Она видела, что он узнал ее, – на лице испуг сменился удивлением, потом надеждой, как маски в телевизионной комедии. Он неуклюже выдвинулся вперед, устремляясь к ней, и, запинаясь, сказал по-английски:
– Привет, я… простите, что… я не знаю их языка, как вы и говорили.
Она чуть отступила назад, чтобы сохранить между ним и собой прежнее расстояние.
– Лорд Горн, – сказала она, – когда я здесь, то говорю на здешнем языке.
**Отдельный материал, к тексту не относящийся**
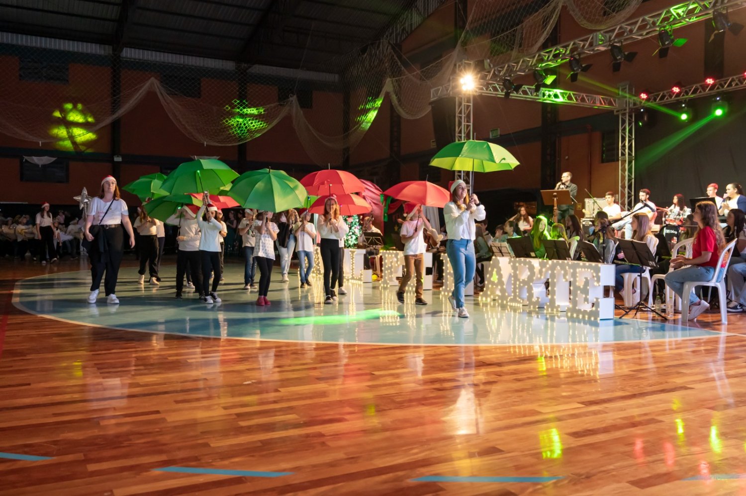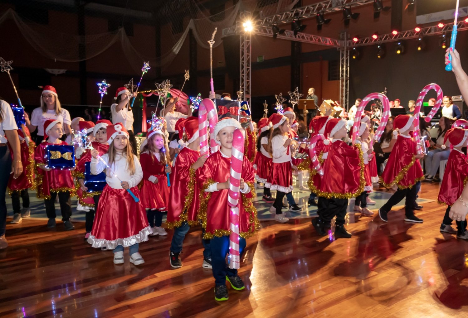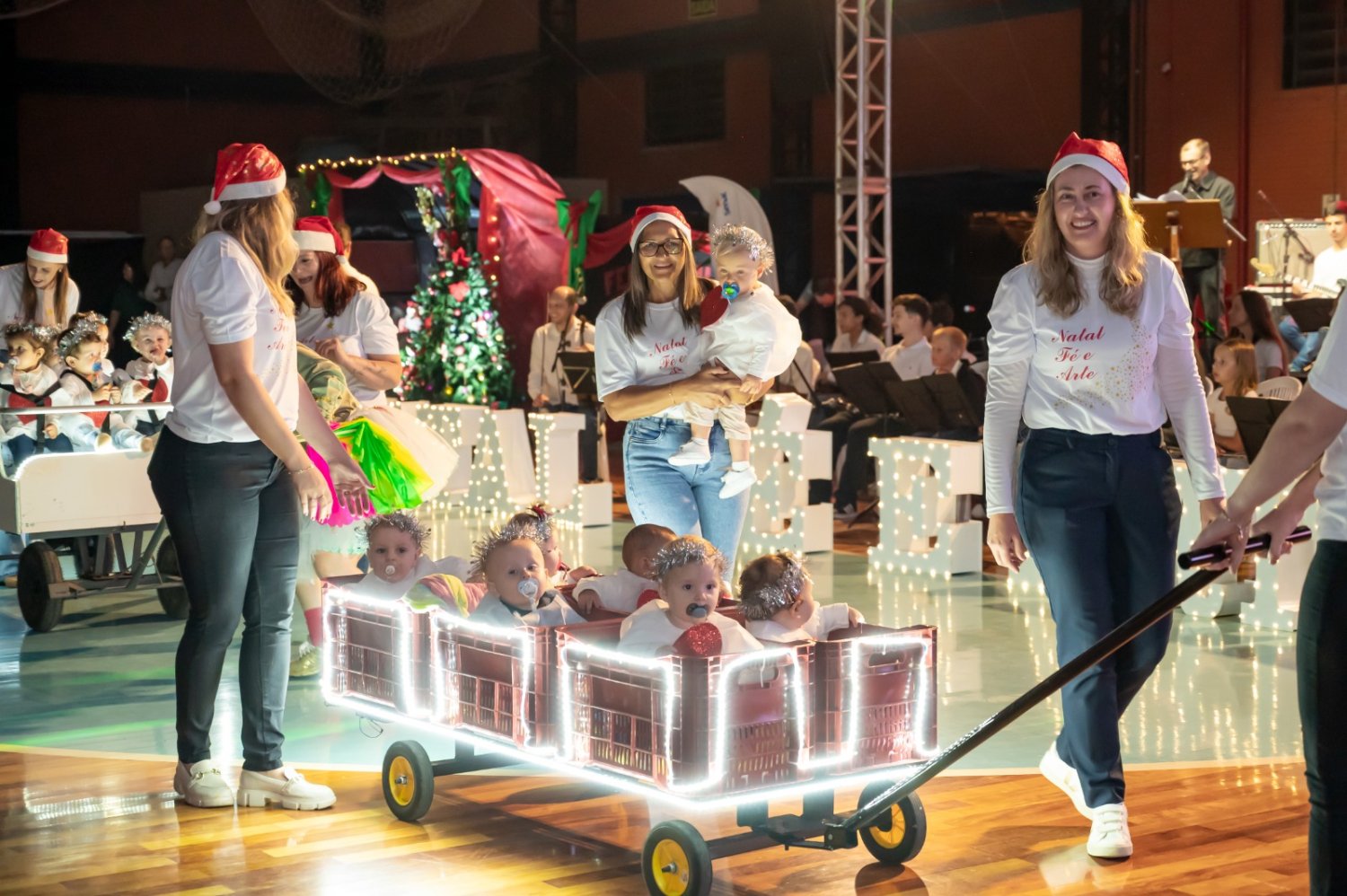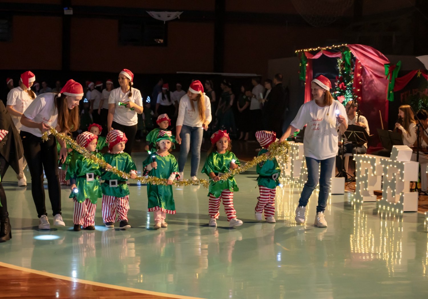 Nem a instabilidade do tempo atrapalhou a realização da sexta edição do Natal Fé e Arte, em São Pedro da Serra. Luzes, sorrisos e lágrimas de emoção tomaram o ginásio municipal com as apresentações das escolas, entidades e comunidade são-pedrense. Crianças e adultos vibraram com o desfile de bailarinas, artistas, banda, personagens e o Papai Noel. Aos poucos, o espetáculo foi ganhando corpo. Centenas de pessoas assumiram seus lugares, em alas intercaladas com muitos símbolos natalinos.
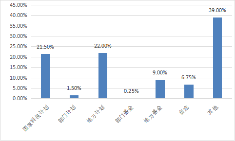 2021年度登記的科技成果仍以各級(jí)財(cái)政支持的各類計(jì)劃項(xiàng)目成果為主,來(lái)源于各級(jí)科技計(jì)劃項(xiàng)目的成果180項(xiàng),占成果登記總數(shù)的45.00%;部門(mén)基金1項(xiàng),占0.25%;地方基金36項(xiàng),占9.00%;自選項(xiàng)目27項(xiàng),占6.75%;其他項(xiàng)目156項(xiàng),占39.00%。各級(jí)計(jì)劃項(xiàng)目中,國(guó)家科技計(jì)劃項(xiàng)目86項(xiàng),占成果登記總數(shù)的21.50%;地方計(jì)劃88項(xiàng),占22.00%;部門(mén)計(jì)劃6項(xiàng),占1.50%。國(guó)家科技計(jì)劃項(xiàng)目成果中,自然科學(xué)基金項(xiàng)目79項(xiàng),占成果登記總數(shù)的19.75%,基地和人才專項(xiàng)2項(xiàng),占0.50%。見(jiàn)圖1:
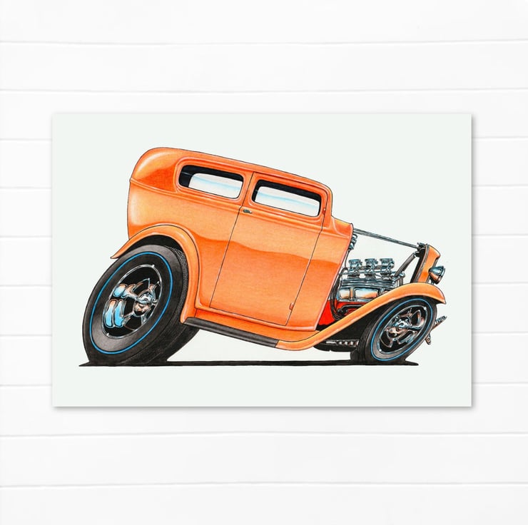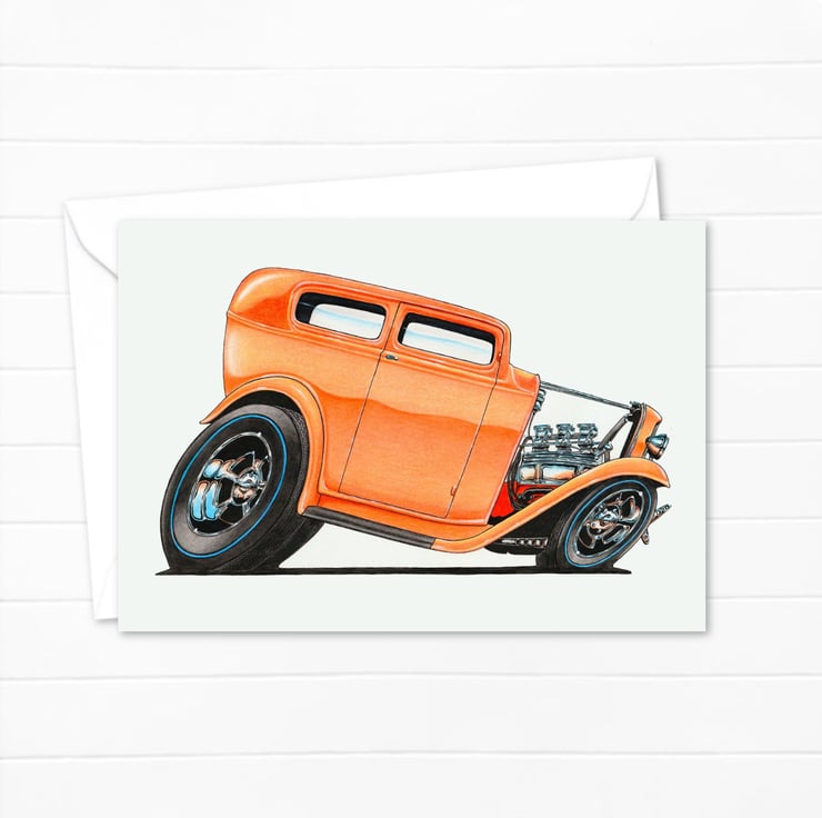 An original art greeting card featuring a hand-drawn pencil illustration of a classic American custom car. The artwork has been inspired by a love of 1950s and 1960s classic American cars.
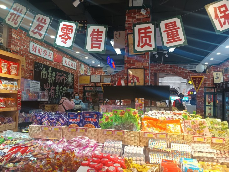 “與小時候的包裝一模一樣,味道依舊。”1983年出生的張燕在這里買了一小筐零食。她說,這些零食讓她想起兒時放學(xué)在校門口小攤前駐足的時光,一波“回憶殺”襲來。

Этот захватчик и девица с бледным личиком мадонны так и уставились на нее, а Хозяин весь как-то подобрался, словно ястреб, – она заметила это по особому наклону его головы. Но Горн ничего ей не ответил; он только своим обычным долгим взглядом посмотрел на Хозяина. Повисла какая-то странная, тягостная тишина.
– Он не умеет говорить на нашем языке, – выдержав паузу, сказал старый Лорд. – Может быть, ты поможешь нам поговорить с ним?
Хозяин не подал ей никакого знака. И мрачное выражение на лице Лорда Горна было требовательным. Нехотя и не слишком вежливо она повернулась к захватчику, не глядя на него, уставясь в натертый пол перед его ногами – обутыми в теннисные туфли огромного размера и грязные, – сказала:
– Они хотят, чтобы я вам переводила. Говорите.
– Я знаю, вам неприятно, что я здесь, – произнес он. – Наверно, здесь я и впрямь чужак. Не знаю. Меня зовут Хью Роджерс. Если вы будете переводить для них что-нибудь из того, что я сейчас говорю, то еще скажите «спасибо». Они были ко мне очень добры.
Он запнулся, и она услышала, как в горле у него что-то булькнуло.
– Он говорит, что попал сюда по ошибке, – сказала она, поворачиваясь к Лорду Горну, но по-прежнему глядя в пол. – Он хотел бы поблагодарить вас за доброту. – Она старалась говорить безразличным тоном, как автомат.
– Мы рады ему, трижды рады.
– Он говорит, что вам здесь рады, – без всякого выражения произнесла она по-английски.
– Кто он? Я даже не знаю их имен. Вас зовут Рина?
Это на минуту выбило ее из колеи. Нет уж, он будет звать ее Ай-рин. Никто, кроме матери и жителей Города На Горе, не звал ее Ирена. И он, конечно, услышал это имя здесь. Все равно его это не касается.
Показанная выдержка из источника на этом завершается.